**What is being asked**
Please print each record exactly, omitting none of them.

(Material supplied)

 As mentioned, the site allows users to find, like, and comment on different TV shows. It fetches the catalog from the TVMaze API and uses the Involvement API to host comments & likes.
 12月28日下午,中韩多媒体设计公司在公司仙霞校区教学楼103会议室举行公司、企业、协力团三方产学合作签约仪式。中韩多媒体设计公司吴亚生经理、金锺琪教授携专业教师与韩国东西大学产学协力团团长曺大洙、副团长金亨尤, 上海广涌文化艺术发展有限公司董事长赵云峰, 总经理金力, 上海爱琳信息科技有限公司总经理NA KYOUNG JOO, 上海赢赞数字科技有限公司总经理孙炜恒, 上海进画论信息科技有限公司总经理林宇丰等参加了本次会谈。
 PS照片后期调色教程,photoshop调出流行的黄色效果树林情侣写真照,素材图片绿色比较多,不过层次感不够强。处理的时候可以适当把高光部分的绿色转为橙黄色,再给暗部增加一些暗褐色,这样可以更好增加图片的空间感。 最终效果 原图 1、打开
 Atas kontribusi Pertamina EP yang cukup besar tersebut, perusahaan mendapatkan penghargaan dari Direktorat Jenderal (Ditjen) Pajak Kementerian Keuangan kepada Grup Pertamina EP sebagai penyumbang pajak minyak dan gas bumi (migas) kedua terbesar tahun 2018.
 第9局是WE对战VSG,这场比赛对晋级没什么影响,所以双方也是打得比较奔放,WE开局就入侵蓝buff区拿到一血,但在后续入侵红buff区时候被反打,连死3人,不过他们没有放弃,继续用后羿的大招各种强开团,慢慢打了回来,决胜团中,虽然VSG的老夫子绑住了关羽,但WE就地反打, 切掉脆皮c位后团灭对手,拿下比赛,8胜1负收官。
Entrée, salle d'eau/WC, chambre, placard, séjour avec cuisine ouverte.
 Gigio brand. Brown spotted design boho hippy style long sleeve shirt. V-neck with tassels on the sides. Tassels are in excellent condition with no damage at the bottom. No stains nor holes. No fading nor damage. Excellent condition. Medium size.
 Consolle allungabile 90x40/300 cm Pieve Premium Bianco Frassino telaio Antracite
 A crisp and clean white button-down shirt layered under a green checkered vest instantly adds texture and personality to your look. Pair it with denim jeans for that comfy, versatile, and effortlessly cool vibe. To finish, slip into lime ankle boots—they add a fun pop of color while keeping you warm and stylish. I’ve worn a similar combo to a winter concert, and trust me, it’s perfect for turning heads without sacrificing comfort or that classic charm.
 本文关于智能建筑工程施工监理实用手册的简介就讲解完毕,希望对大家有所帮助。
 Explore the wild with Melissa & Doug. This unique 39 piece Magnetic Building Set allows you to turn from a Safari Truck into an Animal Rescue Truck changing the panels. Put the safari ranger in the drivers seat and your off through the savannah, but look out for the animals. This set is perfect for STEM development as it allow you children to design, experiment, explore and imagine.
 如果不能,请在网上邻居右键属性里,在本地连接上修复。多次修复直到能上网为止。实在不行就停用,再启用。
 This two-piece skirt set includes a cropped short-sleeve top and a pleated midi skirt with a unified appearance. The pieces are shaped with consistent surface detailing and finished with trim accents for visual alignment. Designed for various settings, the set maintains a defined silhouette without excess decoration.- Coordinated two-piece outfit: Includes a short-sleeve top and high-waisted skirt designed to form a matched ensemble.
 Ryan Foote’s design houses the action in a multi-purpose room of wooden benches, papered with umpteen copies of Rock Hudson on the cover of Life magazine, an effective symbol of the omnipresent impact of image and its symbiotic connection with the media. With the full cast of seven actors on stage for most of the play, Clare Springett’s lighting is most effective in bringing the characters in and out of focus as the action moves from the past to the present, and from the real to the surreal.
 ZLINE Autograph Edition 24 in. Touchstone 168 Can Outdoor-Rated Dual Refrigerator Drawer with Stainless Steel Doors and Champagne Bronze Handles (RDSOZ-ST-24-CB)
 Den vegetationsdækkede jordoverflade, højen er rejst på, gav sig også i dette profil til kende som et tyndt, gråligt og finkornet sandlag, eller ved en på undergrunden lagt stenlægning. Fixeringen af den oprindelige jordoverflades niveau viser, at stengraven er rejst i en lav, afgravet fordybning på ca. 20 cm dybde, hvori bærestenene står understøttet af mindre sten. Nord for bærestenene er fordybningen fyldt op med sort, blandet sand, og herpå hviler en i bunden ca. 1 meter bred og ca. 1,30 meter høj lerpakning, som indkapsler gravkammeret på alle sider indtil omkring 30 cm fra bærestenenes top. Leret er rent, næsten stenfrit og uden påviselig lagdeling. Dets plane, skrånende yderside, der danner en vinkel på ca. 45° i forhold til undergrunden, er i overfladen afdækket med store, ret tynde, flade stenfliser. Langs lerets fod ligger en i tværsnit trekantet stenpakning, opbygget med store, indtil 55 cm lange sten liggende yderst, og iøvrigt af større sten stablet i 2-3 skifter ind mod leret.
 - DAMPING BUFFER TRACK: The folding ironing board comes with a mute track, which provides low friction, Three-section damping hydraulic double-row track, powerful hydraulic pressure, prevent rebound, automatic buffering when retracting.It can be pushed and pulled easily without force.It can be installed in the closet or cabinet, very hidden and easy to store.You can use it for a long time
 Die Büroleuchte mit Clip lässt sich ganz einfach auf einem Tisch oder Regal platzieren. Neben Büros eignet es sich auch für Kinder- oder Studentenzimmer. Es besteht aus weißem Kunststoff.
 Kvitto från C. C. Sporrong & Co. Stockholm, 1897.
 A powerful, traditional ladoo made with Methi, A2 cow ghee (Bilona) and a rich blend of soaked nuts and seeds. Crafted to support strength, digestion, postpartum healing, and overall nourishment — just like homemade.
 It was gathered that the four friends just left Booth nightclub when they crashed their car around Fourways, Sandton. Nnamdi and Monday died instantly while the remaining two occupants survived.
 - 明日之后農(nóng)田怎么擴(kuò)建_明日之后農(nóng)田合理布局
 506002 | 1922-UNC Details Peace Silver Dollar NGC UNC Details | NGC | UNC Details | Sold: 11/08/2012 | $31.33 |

(End Material supplied)

**Result**
 As mentioned, the site allows users to find, like, and comment on different TV shows. It fetches the catalog from the TVMaze API and uses the Involvement API to host comments & likes.
 12月28日下午,中韩多媒体设计公司在公司仙霞校区教学楼103会议室举行公司、企业、协力团三方产学合作签约仪式。中韩多媒体设计公司吴亚生经理、金锺琪教授携专业教师与韩国东西大学产学协力团团长曺大洙、副团长金亨尤, 上海广涌文化艺术发展有限公司董事长赵云峰, 总经理金力, 上海爱琳信息科技有限公司总经理NA KYOUNG JOO, 上海赢赞数字科技有限公司总经理孙炜恒, 上海进画论信息科技有限公司总经理林宇丰等参加了本次会谈。
 PS照片后期调色教程,photoshop调出流行的黄色效果树林情侣写真照,素材图片绿色比较多,不过层次感不够强。处理的时候可以适当把高光部分的绿色转为橙黄色,再给暗部增加一些暗褐色,这样可以更好增加图片的空间感。 最终效果 原图 1、打开
 Atas kontribusi Pertamina EP yang cukup besar tersebut, perusahaan mendapatkan penghargaan dari Direktorat Jenderal (Ditjen) Pajak Kementerian Keuangan kepada Grup Pertamina EP sebagai penyumbang pajak minyak dan gas bumi (migas) kedua terbesar tahun 2018.
 第9局是WE对战VSG,这场比赛对晋级没什么影响,所以双方也是打得比较奔放,WE开局就入侵蓝buff区拿到一血,但在后续入侵红buff区时候被反打,连死3人,不过他们没有放弃,继续用后羿的大招各种强开团,慢慢打了回来,决胜团中,虽然VSG的老夫子绑住了关羽,但WE就地反打, 切掉脆皮c位后团灭对手,拿下比赛,8胜1负收官。
Entrée, salle d'eau/WC, chambre, placard, séjour avec cuisine ouverte.
 Gigio brand. Brown spotted design boho hippy style long sleeve shirt. V-neck with tassels on the sides. Tassels are in excellent condition with no damage at the bottom. No stains nor holes. No fading nor damage. Excellent condition. Medium size.
 Consolle allungabile 90x40/300 cm Pieve Premium Bianco Frassino telaio Antracite
 A crisp and clean white button-down shirt layered under a green checkered vest instantly adds texture and personality to your look. Pair it with denim jeans for that comfy, versatile, and effortlessly cool vibe. To finish, slip into lime ankle boots—they add a fun pop of color while keeping you warm and stylish. I’ve worn a similar combo to a winter concert, and trust me, it’s perfect for turning heads without sacrificing comfort or that classic charm.
 本文关于智能建筑工程施工监理实用手册的简介就讲解完毕,希望对大家有所帮助。
 Explore the wild with Melissa & Doug. This unique 39 piece Magnetic Building Set allows you to turn from a Safari Truck into an Animal Rescue Truck changing the panels. Put the safari ranger in the drivers seat and your off through the savannah, but look out for the animals. This set is perfect for STEM development as it allow you children to design, experiment, explore and imagine.
 如果不能,请在网上邻居右键属性里,在本地连接上修复。多次修复直到能上网为止。实在不行就停用,再启用。
 This two-piece skirt set includes a cropped short-sleeve top and a pleated midi skirt with a unified appearance. The pieces are shaped with consistent surface detailing and finished with trim accents for visual alignment. Designed for various settings, the set maintains a defined silhouette without excess decoration.- Coordinated two-piece outfit: Includes a short-sleeve top and high-waisted skirt designed to form a matched ensemble.
 Ryan Foote’s design houses the action in a multi-purpose room of wooden benches, papered with umpteen copies of Rock Hudson on the cover of Life magazine, an effective symbol of the omnipresent impact of image and its symbiotic connection with the media. With the full cast of seven actors on stage for most of the play, Clare Springett’s lighting is most effective in bringing the characters in and out of focus as the action moves from the past to the present, and from the real to the surreal.
 ZLINE Autograph Edition 24 in. Touchstone 168 Can Outdoor-Rated Dual Refrigerator Drawer with Stainless Steel Doors and Champagne Bronze Handles (RDSOZ-ST-24-CB)
 Den vegetationsdækkede jordoverflade, højen er rejst på, gav sig også i dette profil til kende som et tyndt, gråligt og finkornet sandlag, eller ved en på undergrunden lagt stenlægning. Fixeringen af den oprindelige jordoverflades niveau viser, at stengraven er rejst i en lav, afgravet fordybning på ca. 20 cm dybde, hvori bærestenene står understøttet af mindre sten. Nord for bærestenene er fordybningen fyldt op med sort, blandet sand, og herpå hviler en i bunden ca. 1 meter bred og ca. 1,30 meter høj lerpakning, som indkapsler gravkammeret på alle sider indtil omkring 30 cm fra bærestenenes top. Leret er rent, næsten stenfrit og uden påviselig lagdeling. Dets plane, skrånende yderside, der danner en vinkel på ca. 45° i forhold til undergrunden, er i overfladen afdækket med store, ret tynde, flade stenfliser. Langs lerets fod ligger en i tværsnit trekantet stenpakning, opbygget med store, indtil 55 cm lange sten liggende yderst, og iøvrigt af større sten stablet i 2-3 skifter ind mod leret.
 - DAMPING BUFFER TRACK: The folding ironing board comes with a mute track, which provides low friction, Three-section damping hydraulic double-row track, powerful hydraulic pressure, prevent rebound, automatic buffering when retracting.It can be pushed and pulled easily without force.It can be installed in the closet or cabinet, very hidden and easy to store.You can use it for a long time
 Die Büroleuchte mit Clip lässt sich ganz einfach auf einem Tisch oder Regal platzieren. Neben Büros eignet es sich auch für Kinder- oder Studentenzimmer. Es besteht aus weißem Kunststoff.
 Kvitto från C. C. Sporrong & Co. Stockholm, 1897.
 A powerful, traditional ladoo made with Methi, A2 cow ghee (Bilona) and a rich blend of soaked nuts and seeds. Crafted to support strength, digestion, postpartum healing, and overall nourishment — just like homemade.
 It was gathered that the four friends just left Booth nightclub when they crashed their car around Fourways, Sandton. Nnamdi and Monday died instantly while the remaining two occupants survived.
 - 明日之后農(nóng)田怎么擴(kuò)建_明日之后農(nóng)田合理布局
 506002 | 1922-UNC Details Peace Silver Dollar NGC UNC Details | NGC | UNC Details | Sold: 11/08/2012 | $31.33 |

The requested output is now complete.